Cristian Óscar Maidana (born January 24, 1987) is an Argentine footballer who plays as a winger for Los Andes.

Club career

Banfield
Maidana made his professional debut for Banfield in 2006, and rapidly established himself as a regular first-team player.

Europe
In December 2007, the Argentine club reached an agreement with Spartak Moscow for Maidana's transfer to the Russian side for a $3.5 million fee.

On January 16, 2009 he was loaned to Recreativo Huelva.

In the second half of the year, he returned to Spartak but was seriously injured in his very first game after the comeback (a Russian Cup match against FC Moscow).

Latin America
On December 14, 2010, Maidana was loaned to Huracán, back in Argentina.

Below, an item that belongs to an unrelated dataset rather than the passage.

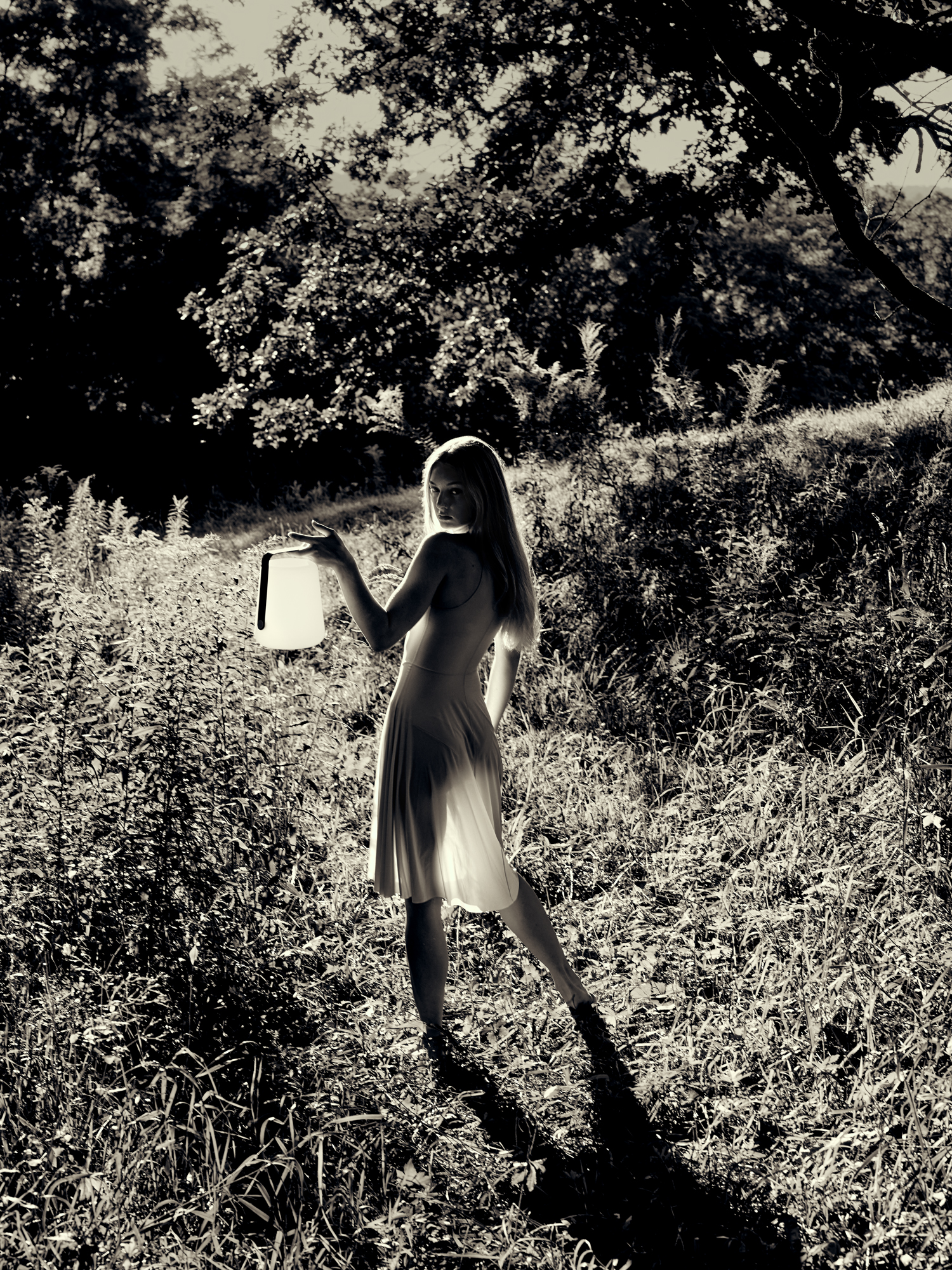 Holding the Balad lamp by FERMOB, she carries the essence of summer evenings. Dress by Skims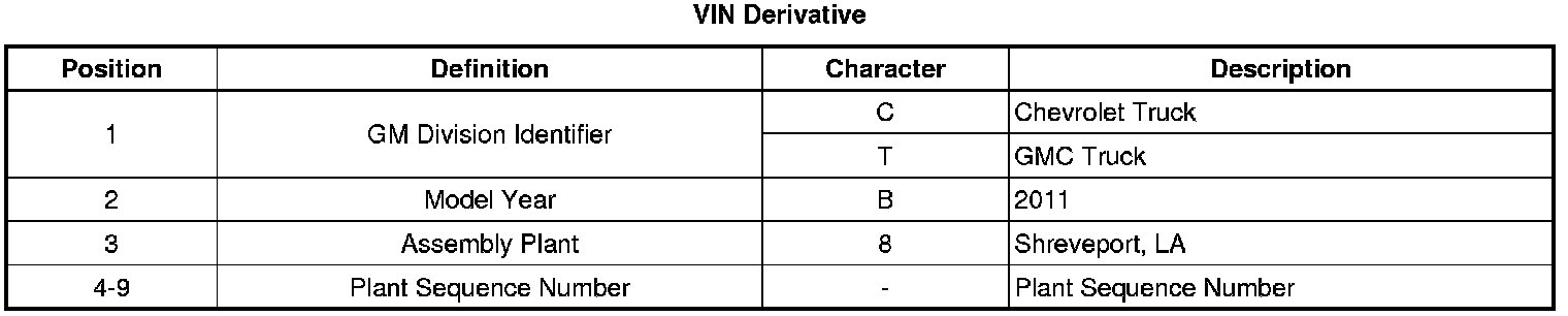 All engines and transmissions are stamped or laser etched with a partial VIN, which was derived from the complete VIN. A VIN derivative contains the following 9 positions:

In the middle of 2011 he signed with the club Rangers de Talca of Chile, being together with Gabriel Roth, star reinforcements for the talquino team which won promotion to the first division. In early 2012, renewed its link with Rangers for the next 2 seasons.

On July 19, 2012 the Rangers president, Richard Pini, confirmed his move to Atlante of Mexico. On July 26, 2012, Jose Antonio Garcia, CEO of Atlante confirmed his arrival at the club.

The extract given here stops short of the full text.